I make it no secret that I’ve experienced health problems–you can find it right in my bio. The past several months have been full of excitement, growth, and travel. When I’m home, I’m working, learning with my horses, practicing bodywork, or researching something. I enjoy moving. I relish in doing things I love–especially since for so long I found it difficult to do them.
This past month I’ve had to extend some extra self-love and patience to myself as I’ve begun to experience dizziness and some other old symptoms have cropped up. At first, I was fearful. I avoided them–looked the other way and kept going. My body was giving me plenty of warning signals, but I wasn’t quite listening. I began to feel worse, to the point of where I found myself walking up windy stairs to an acupuncturist office.
I’ve been in love with the idea of Traditional Chinese Medicine, acupuncture, and herbs for a while now. I use acupressure on myself and my horses and occasionally incorporate it into my practices with references and suggestions from more experienced practitioners in tow. I’m a big fan of herbs, both for myself and my horses. Needles, on the other hand, are something I’ve never really been fond of, but my heart (and the world) kept repeating acupuncture and TCM to me.
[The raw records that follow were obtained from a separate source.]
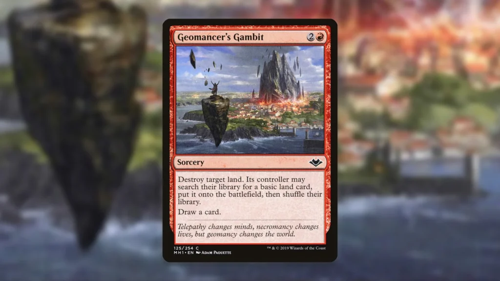 This deck goes as far as to play Geomancer’s Gambit as a support piece. Geomancer’s Gambit is more mana intensive than Cleansing Wildfire for the same effect. Yet, given how much you care about redundancy, even this inefficient common makes its way in as a four-of! This is Geomancer’s Gambit’s first major result in Modern in quite some time and just goes to show that even mediocre designs can have an impact in the right deck.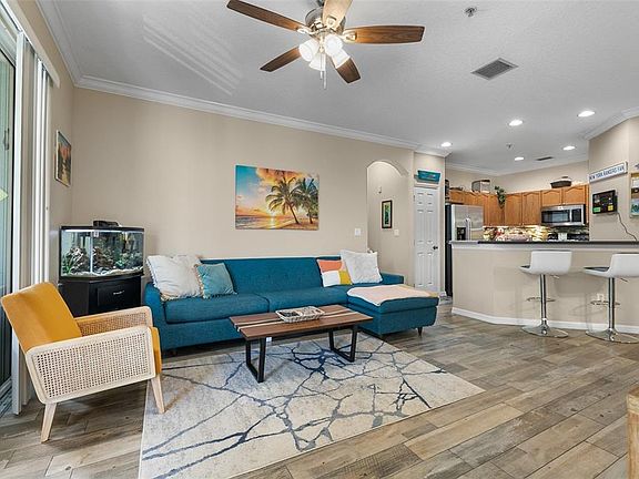 Welcome to Lakeside! This well maintained 2 bedroom/2 bath unit is located on the third floor with no upstairs neighbors! You'll be impressed by the size of the living area in this light and bright unit which includes a good size living room with separate dining area and a spacious kitchen with a breakfast bar and a tiled backsplash. All of the bedrooms are great sizes, the primary bedroom having its own bathroom and walk-in closet, and a spacious second bathroom off the other bedroom. There is also an enclosed outdoor space which is a great space for sitting and relaxing. Features include updated low maintenance wood-look tile, updated bathrooms, crown molding throughout living area, a Google Nest Thermostat, new A/C 2019. The resort like community offers on-site management as well as a Clubhouse with fitness center, swimming pool, grill area, volleyball and walking paths. The units dedicated parking space located at the entrance of the building and plenty of guest parking. The building offers the convenience of an elevator and daily "at your door" trash valet. Conveniently located near Disney, Universal, Downtown Winter Garden, Windemere, local shopping, restaurants and parks. Perfect for your permanent or vacation home.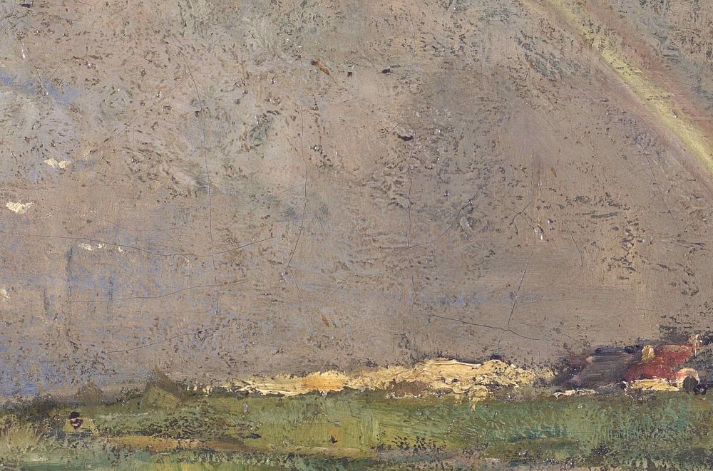 A rainbow over a flat landscape. Guillaume (Willem) Vogels (Brussels, 9 June 1836 - Ixelles, 9 January 1896) was a Brussels painter and watercolourist. A hinge between realistic landscape painting and an impressionist rendering of the play of light, he was introduced to easel painting while studying at the Academy of Fine Arts. In 1883, Vogels was involved in the founding of Les XX. He also became a member of the Belgian artists' association Les Hydrophiles, painting many pure landscapes, cityscapes and suburban views (often in bad weather). He rarely dated his works.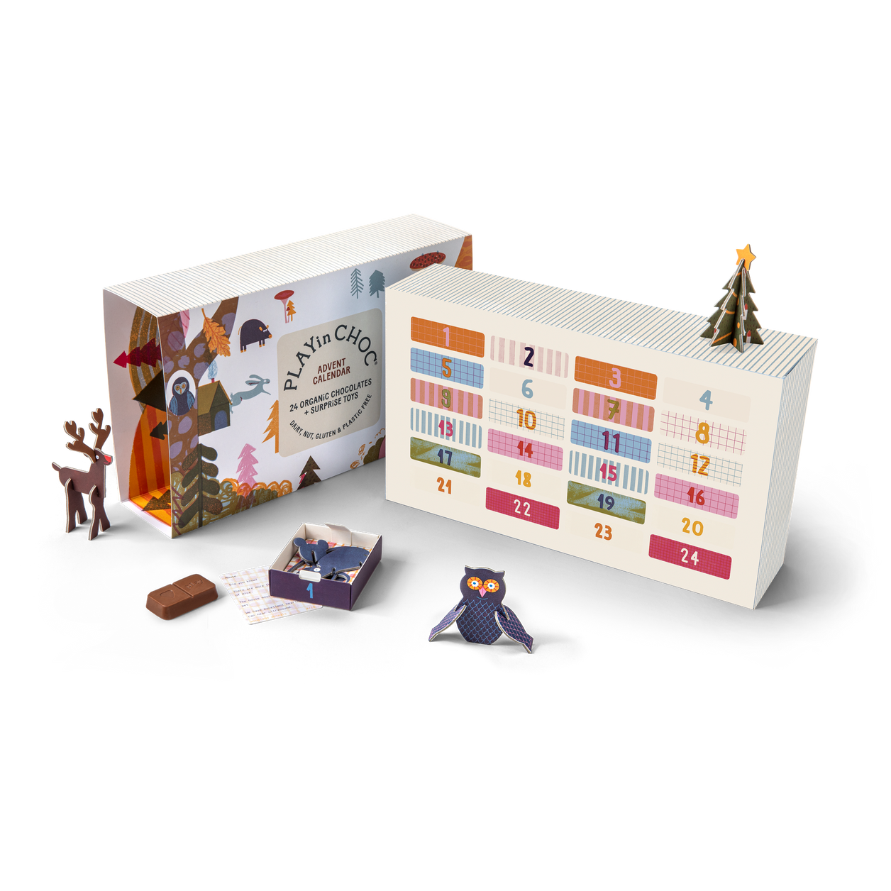 Countdown to Christmas with our famous, eco-friendly advent calendar. Behind each of the 24 windows you’ll find a super-cute festive toy plus one of our dreamy, creamy chocolates and fun facts card. That’s three treats every day! Each planet-friendly collectable doubles up as a super-cute decoration. Not-so-secret news; adults love our ethical yuletide calendars as much as children.
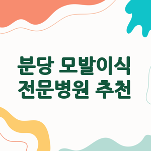 이 글을 통해 분당 모발이식 전문 병원에 대한 이해를 높이고, 당신의 모발 고민을 해결할 수 있는 병원을 찾는 데 도움이 되었길 바랍니다. 이제 당신의 모발 건강을 위한 여정을 시작해보세요!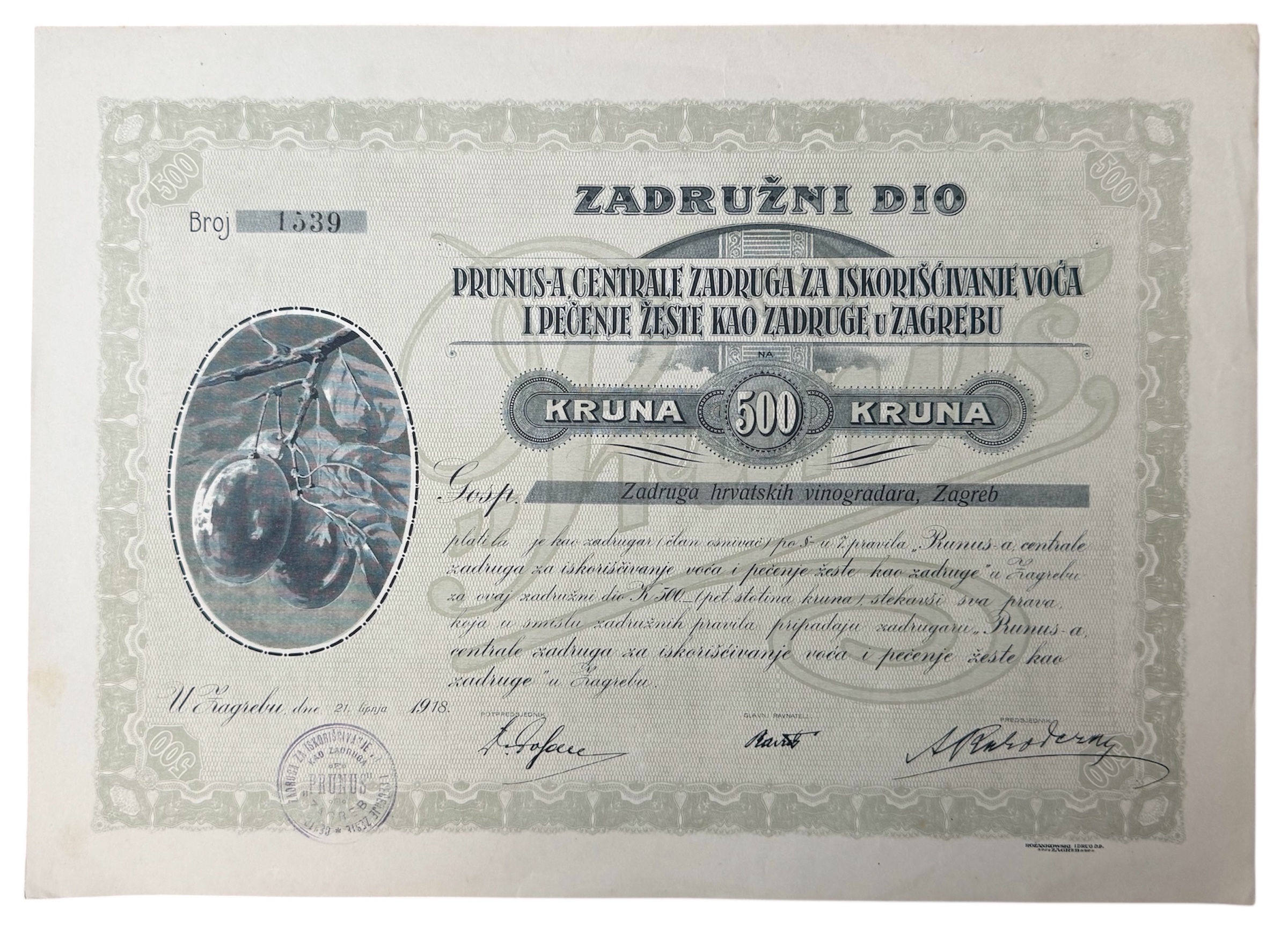 Opis: ZAGREB, dionica "PRUNUS-A CENTRALE ZADRUGA ZA ISKORIŠĆIVANJE VOĆA I PEČENJE ŽESTE", 500 kruna, 21. lipnja 1918., 40x28,5 cm

So there I found myself, in an eclectically oriental-vintage office with little splashes of humor and emerald green, sitting in front of a friendly and determined Chicago gal.
For me personally, the experience was amazing. At a time where my body had begun to close doors, it opened them so I could do more in the area of self-healing. The acupuncture connected me to my roots, to something greater, and to a healing flow that deserves its own post to be described.
Since then, I’ve realized the other things my body, mind, and heart have been asking for. More love, more positivity. More time doing what I love, rather than just learning what I love. A slower travel schedule. More connected. Definitely more sleep, and more water–but among the things I’ve learned, there’s something that needs to be explored more clearly.
My path has shifted. Rather than just being a learned, I have also stepped into the path of a sewer–a doer, a practicer. I’m getting back on my feet, but with a different rhythm in my dance this time. My horses are sharing with me the feelings I’ve yearned for… because I’m ready for them.
Getting back on your feet isn’t always immediate. It isn’t always fast, and it isn’t always gentle. You usually can’t do exactly what you did before–that’s why you ended up here anyway. What these periods do for me is guide me, always. I learn and become better and stronger and more connected than I ever was before. I have to say, I’m so grateful for health, including the whole spectrum: what feels good and what doesn’t. I’m so grateful for learning to listen. I’m so grateful to be connecting more with my heart. And I’m so grateful to my horses, for guiding and supporting me all along this journey.
There’s a special thing in sharing your wellness journey with your horses, in having the intention of always helping each other to develop more wellness, to flourish more. With this practice, even less-than-perfect moments can be embraced fully and in love, because you have some of the most amazing partners sharing with you some of the most amazing things.